Tuesday August 31, 2004

Malcolm Maiden

The US sharemarket has been in a rut since the end of January and is 11 per cent below where Abby Joseph Cohen thinks it should be - but Goldman Sachs' celebrity analyst is holding the line.

Economic growth was slowing in America, but to a pace of about 3 per cent a year that was "consistent with a long period of economic expansion", New York-based Ms Cohen said in Melbourne yesterday during a whistle-stop tour.

Wall Street's S&P 500 Index was idling at just over 1100 points at the end of last week, well off a low of 800 points reached in March last year ahead of the Iraq war, but 4.3 per cent below its 2004 high in February, and even further below Ms Cohen's rolling 12-month target of 1250 points.

Current share prices reflected "some nervousness" about issues including the economic outlook and wild-cards including terrorism. For investors everywhere, "the age of innocence is over", Ms Cohen said.
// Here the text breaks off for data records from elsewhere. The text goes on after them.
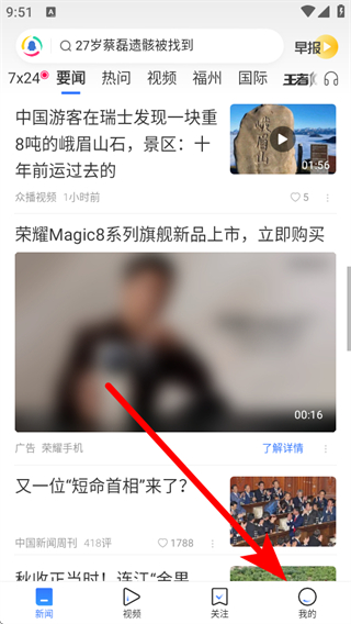 1、打开腾讯新闻APP,点击底部我的,进入个人的页面。
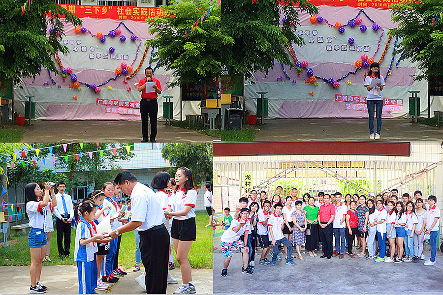活动开始,对艺希之晨筑梦服务队在登畲村开展的为期十天的三下乡社会实践活动做总结和表彰。龙村镇第三小学校长温东保、服务队指导老师钟金发、服务队学生代表黄柳艳和龙村镇第三小学学生代表温佳佳依次进行总结发言。温东保对服务队的热情服务及奉献精神十分赞赏,对服务队全体队员的辛勤付出和显著的活动效果给予充分地肯定并表示感谢。温东保为在教学比赛中获奖的学生和优秀学员进行颁奖,之后和服务队代表钟金发老师互赠锦旗。
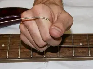 Одной рукой удерживайте натяжение струны, захватив её и повернув руку в сторону грифа.
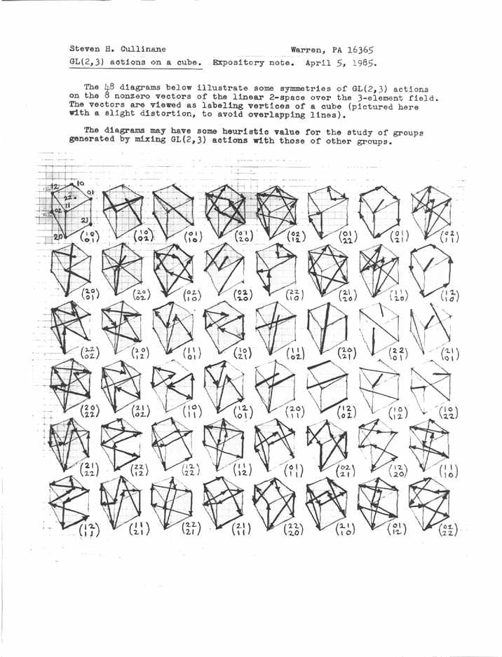 GL(2, 3) actions on a cube
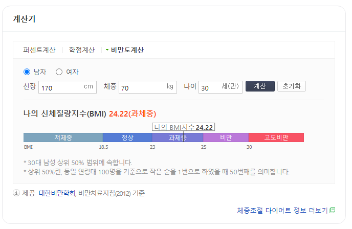 '비만도 계산기'의 네이버 통합검색 결과입니다.
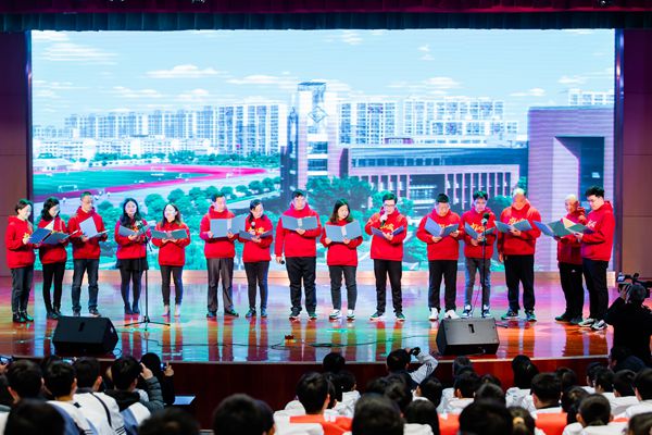 “感恩篇”中,高三管理小组代表李平副校长和高三全体班主任一起朗诵诗歌《同学,我想对你说》,期望同学们能够乘风破浪,逐梦远航。各班班长献花致敬。虽然家长们无法来到现场,但他们通过视频向学生们表达了真挚的祝福。高三3班董佳林同学的妈妈作为家长代表,与大家分享了“六个关键词”,希望全体高三学生能够“有责任”、“有担当”、“会感谢”、“善学习”、“讲沟通”、“会合作”。老师和家长的默默付出、无私奉献赢得了高三全体同学持久和热烈的掌声。
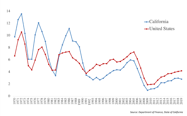 High housing costs are rooted in both demand- and supply-side factors. On the demand side, California boasts robust jobs and household income growth. Between 1990 and 2017, high-paying industries embraced the most vigorous job growth, including information technology (up 127 percent), education and health services (up 107 percent), and professional and business services (up 84 percent) (CA Government 2019). In 2021, the state accounted for 44 percent of the nation’s new jobs that year.
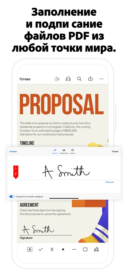 Функции Adobe Fill & Sign доступны в Adobe Acrobat Reader. Заполняйте, подписывайте и отправляйте формы. Сфотографируйте бумажную форму и заполните ее на смартфоне или планшете, электронно подпишите и отправьте ее. Не нужно отправлять по факсу или печатать документы.
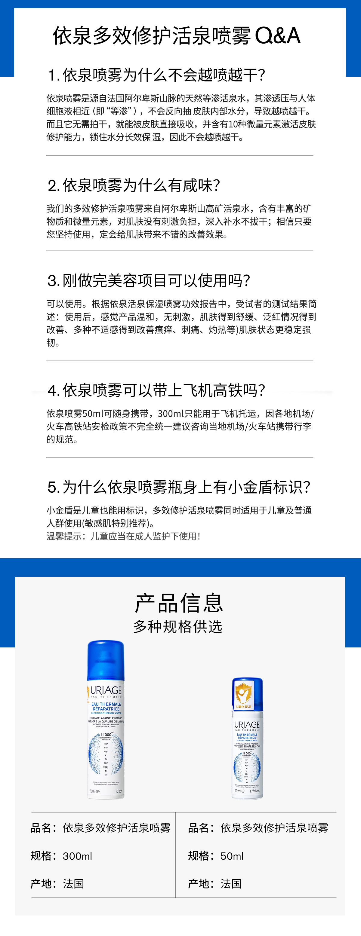 依泉多效修护活泉喷雾300ml 舒缓肌肤 爽肤水化妆水
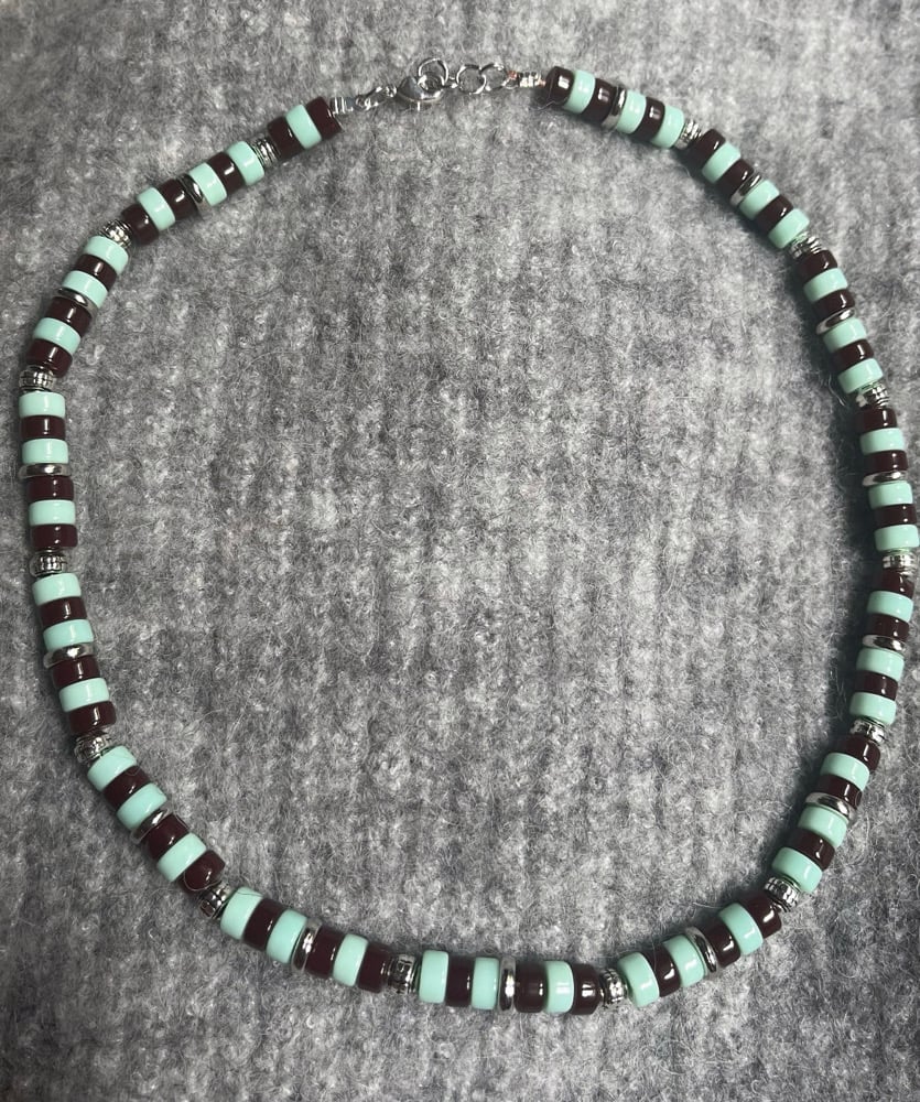 Collier bordeaux et bleu glacier et argenté.
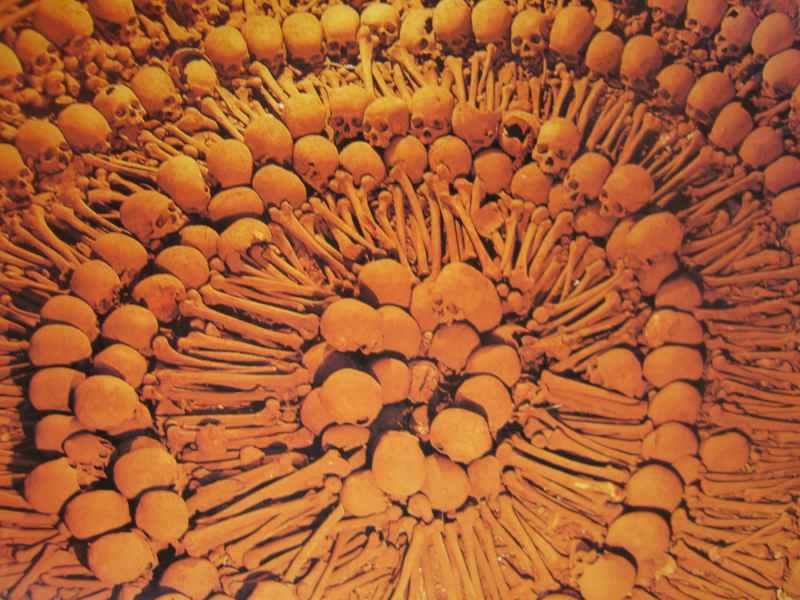 Lohnend ist auch ein Besuch der Katakomben des Klosters. Nachdem sich die Augen an die Dunkelheit gewöhnt haben, sehen wir, dass sich unter dem schmalen Steg, über den wir gehen, rechts und links riesige Gruben befinden, die randvoll gefüllt sind mit weiß schimmernden menschlichen Knochen und Totenköpfen! Wir wandeln also buchstäblich über Leichen – teilweise kunstvoll arrangiert. Man schätzt, dass hier 70.000 Menschen ihre letzte Ruhestätte fanden.

The risk premium built into US shares had declined from around 90 per cent early last year before the Iraq war to about 65 per cent, but was above the neutral level of 50 per cent, and offered investors some insurance, she added.

On Goldman's modelling, shares in the S&P 500 Index were undervalued on the basis of cautious economic assumptions, including 3 per cent economic growth, a further rise of half a percentage point in US interest rates and earnings growth for the S&P companies of about 7 per cent in 2005.

Possible triggers for a market rally included confirmation that the economy was on a 3 per cent growth path, the US election decision in November and traditional end-of-year liquidity-driven buying.

US companies were also close to finishing audits of their management systems required by America's Sarbanes-Oxley Act, Ms Cohen said. Mergers, acquisitions and other investments might have been held back to simplify the management audit process and could be activated when that job was complete - at year-end in the case of large corporations.

Ms Cohen's optimism will not surprise those who have followed her over the years. Her accurate and generally bullish market predictions made her a star during the 1990s share boom, and she is still a member of Wall Street's tipster A Team, despite prematurely calling the end of the 2000-02 bear market.